=== Directions ===
Below are some records. Return exactly their lines from the one containing "Der Boden ist" through the one containing "84) – Фаал.", and drop the pictures.

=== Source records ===
---+---
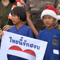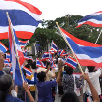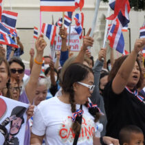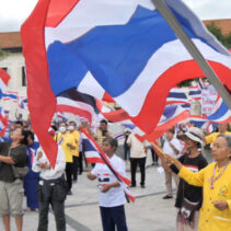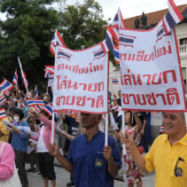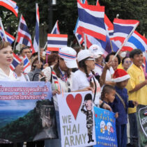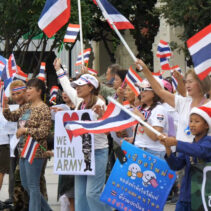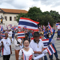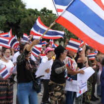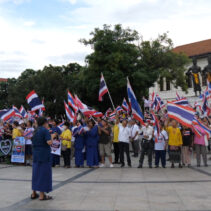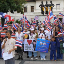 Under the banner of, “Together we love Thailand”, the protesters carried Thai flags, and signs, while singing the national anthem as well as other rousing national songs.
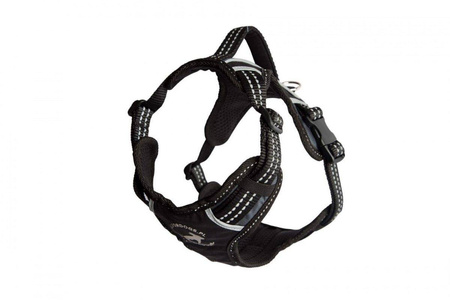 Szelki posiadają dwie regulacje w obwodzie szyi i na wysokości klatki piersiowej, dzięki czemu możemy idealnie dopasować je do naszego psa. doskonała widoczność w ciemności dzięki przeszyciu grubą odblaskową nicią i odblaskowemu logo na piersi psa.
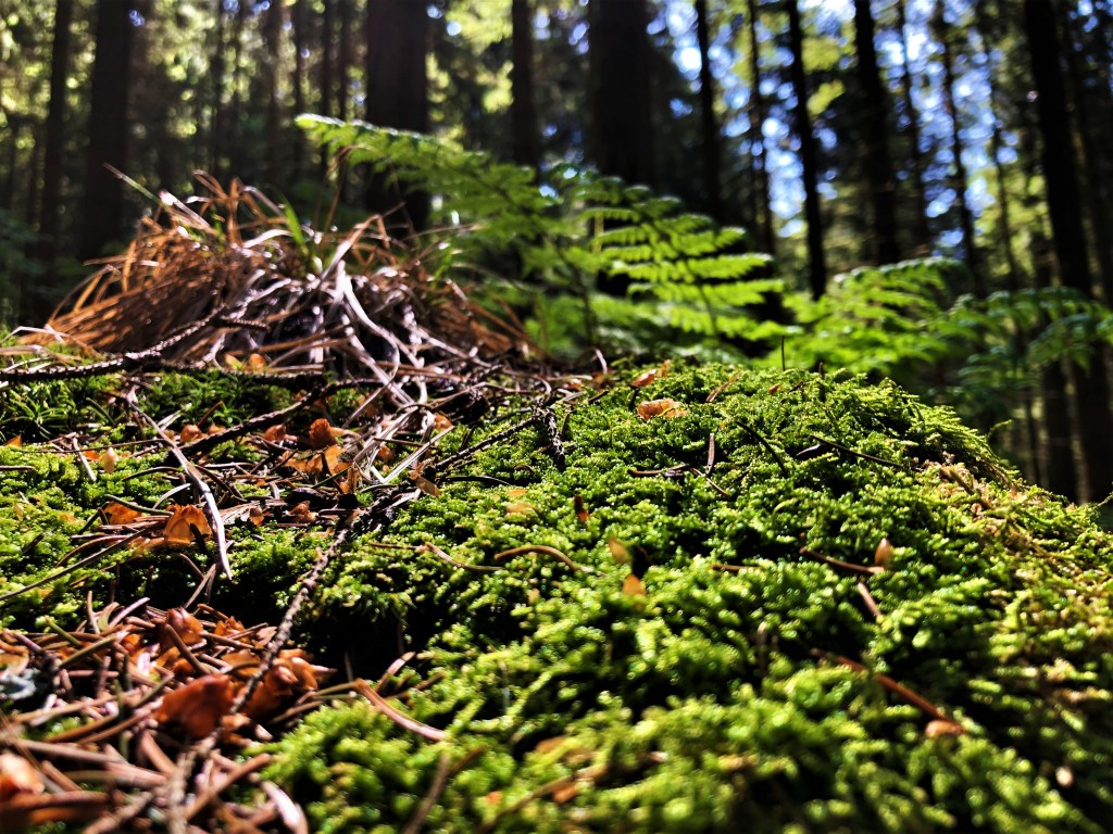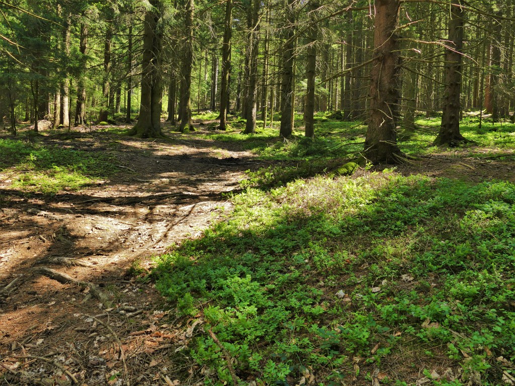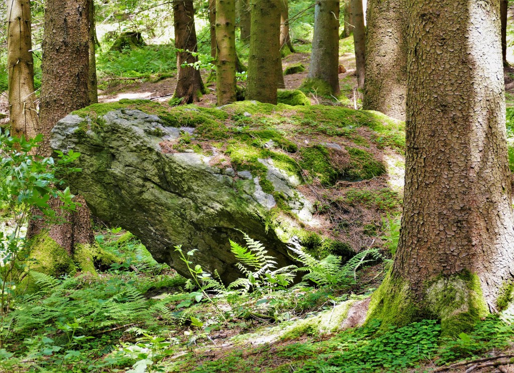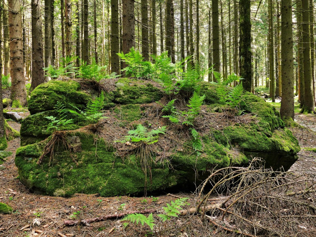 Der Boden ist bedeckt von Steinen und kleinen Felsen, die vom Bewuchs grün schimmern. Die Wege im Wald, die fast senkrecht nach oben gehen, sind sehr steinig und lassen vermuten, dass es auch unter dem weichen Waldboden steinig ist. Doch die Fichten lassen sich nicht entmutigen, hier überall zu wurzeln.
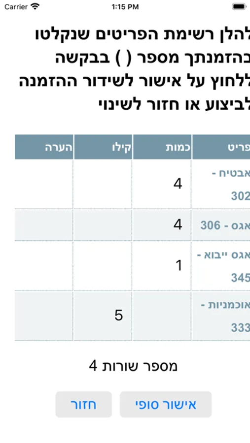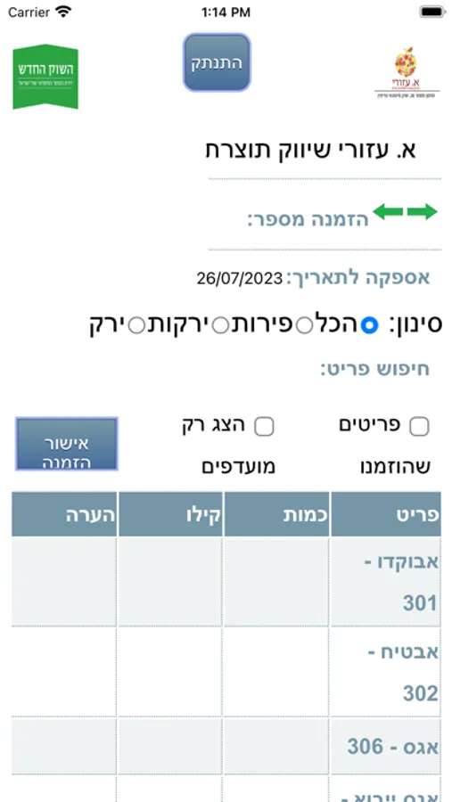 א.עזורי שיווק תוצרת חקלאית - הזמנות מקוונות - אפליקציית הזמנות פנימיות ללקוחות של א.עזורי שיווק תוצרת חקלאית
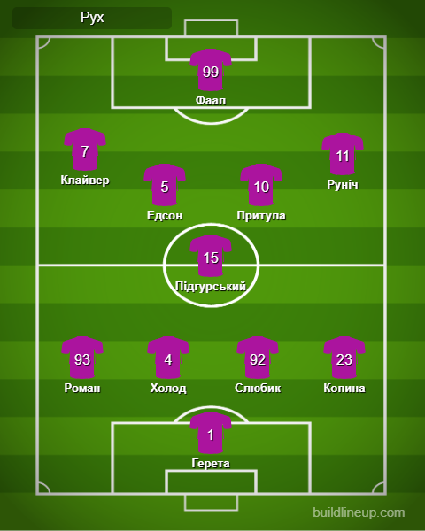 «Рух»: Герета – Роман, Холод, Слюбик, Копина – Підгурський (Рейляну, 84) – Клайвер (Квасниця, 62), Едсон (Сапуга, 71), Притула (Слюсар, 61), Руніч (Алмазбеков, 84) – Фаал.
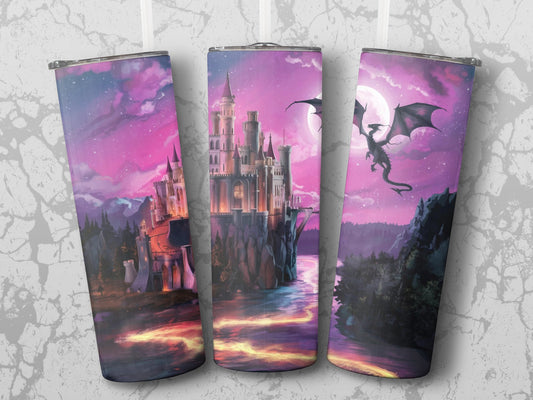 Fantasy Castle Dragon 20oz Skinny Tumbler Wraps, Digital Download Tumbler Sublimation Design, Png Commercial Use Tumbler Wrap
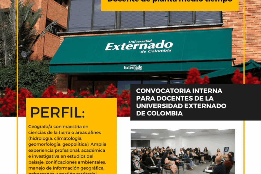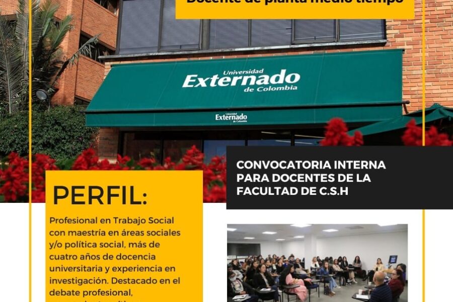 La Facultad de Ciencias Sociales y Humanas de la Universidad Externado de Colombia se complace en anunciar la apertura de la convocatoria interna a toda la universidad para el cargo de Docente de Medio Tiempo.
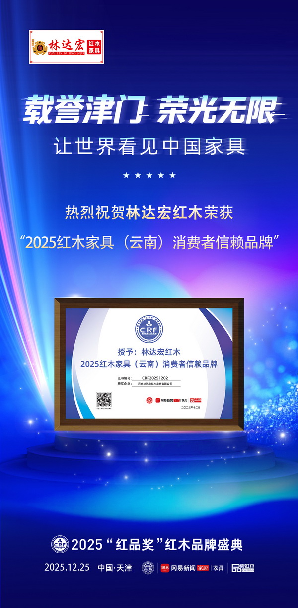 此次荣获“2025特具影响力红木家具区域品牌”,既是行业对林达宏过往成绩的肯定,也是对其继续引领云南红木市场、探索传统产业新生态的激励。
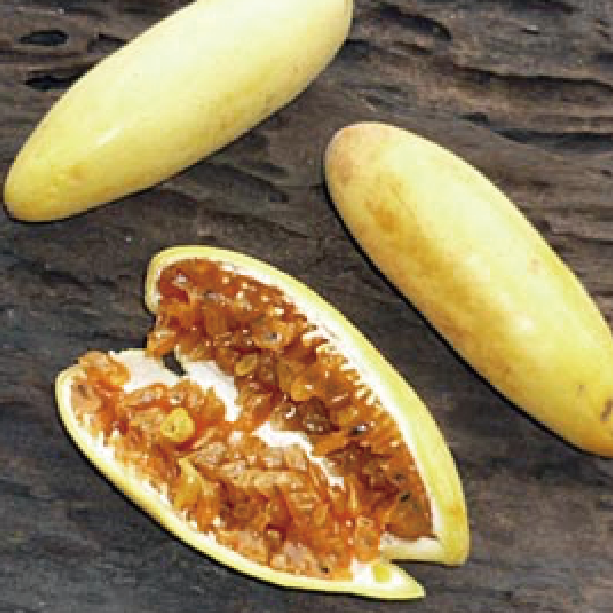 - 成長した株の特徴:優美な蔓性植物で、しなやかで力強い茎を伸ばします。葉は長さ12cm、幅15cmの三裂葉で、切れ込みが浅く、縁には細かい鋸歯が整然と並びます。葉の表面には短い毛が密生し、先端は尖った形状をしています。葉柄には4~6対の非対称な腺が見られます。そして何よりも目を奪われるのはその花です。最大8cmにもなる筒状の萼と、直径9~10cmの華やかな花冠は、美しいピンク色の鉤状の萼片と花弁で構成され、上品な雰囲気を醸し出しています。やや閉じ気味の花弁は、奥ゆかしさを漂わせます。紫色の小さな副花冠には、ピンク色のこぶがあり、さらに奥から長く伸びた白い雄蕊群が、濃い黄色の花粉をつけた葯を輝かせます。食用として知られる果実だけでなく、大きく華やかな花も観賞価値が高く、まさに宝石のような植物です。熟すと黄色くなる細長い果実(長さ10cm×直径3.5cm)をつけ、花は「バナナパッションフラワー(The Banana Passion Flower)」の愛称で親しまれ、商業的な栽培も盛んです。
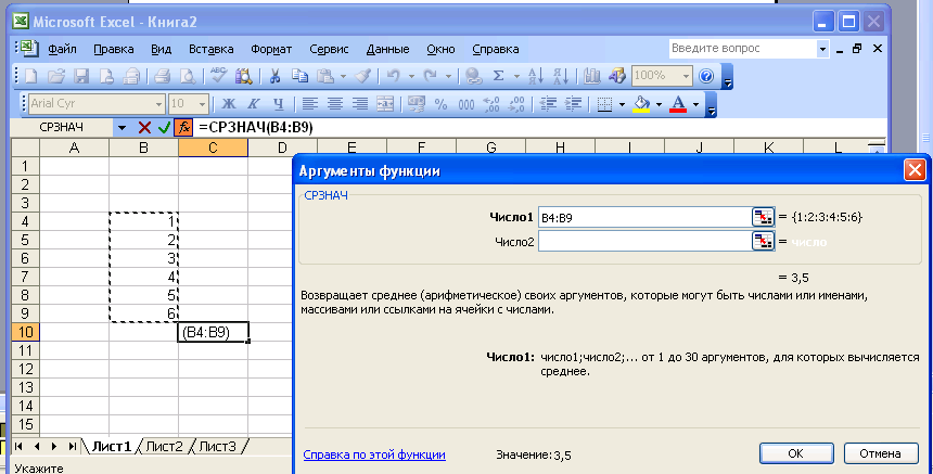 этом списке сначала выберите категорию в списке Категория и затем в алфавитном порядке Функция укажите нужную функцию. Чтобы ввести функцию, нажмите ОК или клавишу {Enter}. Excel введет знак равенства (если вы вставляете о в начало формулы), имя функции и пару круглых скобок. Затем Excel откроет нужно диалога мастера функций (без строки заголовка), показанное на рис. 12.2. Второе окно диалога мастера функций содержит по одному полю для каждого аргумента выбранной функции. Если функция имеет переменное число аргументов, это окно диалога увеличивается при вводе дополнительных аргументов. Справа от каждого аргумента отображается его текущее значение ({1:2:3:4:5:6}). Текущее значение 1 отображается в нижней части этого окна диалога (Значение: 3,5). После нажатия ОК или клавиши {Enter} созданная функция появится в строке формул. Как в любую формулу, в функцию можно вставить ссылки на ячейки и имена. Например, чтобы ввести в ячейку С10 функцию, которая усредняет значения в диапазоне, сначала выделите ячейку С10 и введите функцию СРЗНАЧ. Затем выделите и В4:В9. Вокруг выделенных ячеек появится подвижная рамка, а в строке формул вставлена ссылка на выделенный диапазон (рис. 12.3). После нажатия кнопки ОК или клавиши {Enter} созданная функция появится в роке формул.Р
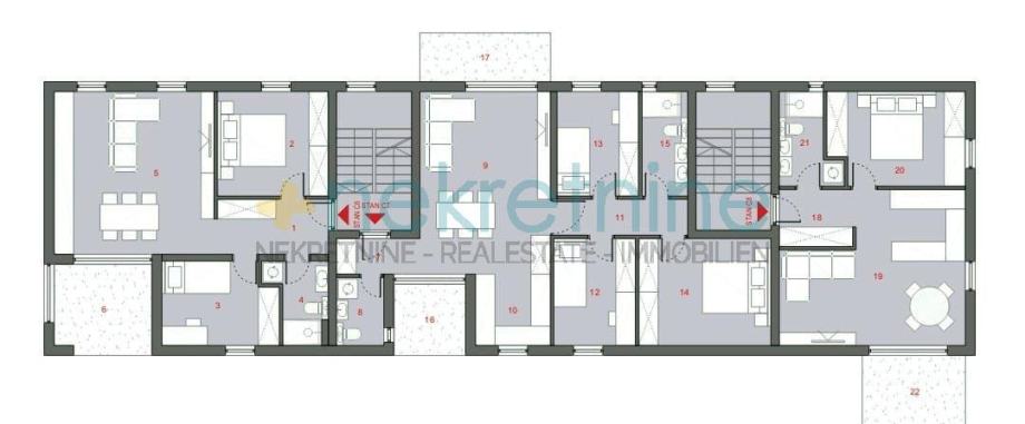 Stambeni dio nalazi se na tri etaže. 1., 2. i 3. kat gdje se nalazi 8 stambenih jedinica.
---+---
=== Task output ===
 Der Boden ist bedeckt von Steinen und kleinen Felsen, die vom Bewuchs grün schimmern. Die Wege im Wald, die fast senkrecht nach oben gehen, sind sehr steinig und lassen vermuten, dass es auch unter dem weichen Waldboden steinig ist. Doch die Fichten lassen sich nicht entmutigen, hier überall zu wurzeln.
 א.עזורי שיווק תוצרת חקלאית - הזמנות מקוונות - אפליקציית הזמנות פנימיות ללקוחות של א.עזורי שיווק תוצרת חקלאית
 «Рух»: Герета – Роман, Холод, Слюбик, Копина – Підгурський (Рейляну, 84) – Клайвер (Квасниця, 62), Едсон (Сапуга, 71), Притула (Слюсар, 61), Руніч (Алмазбеков, 84) – Фаал.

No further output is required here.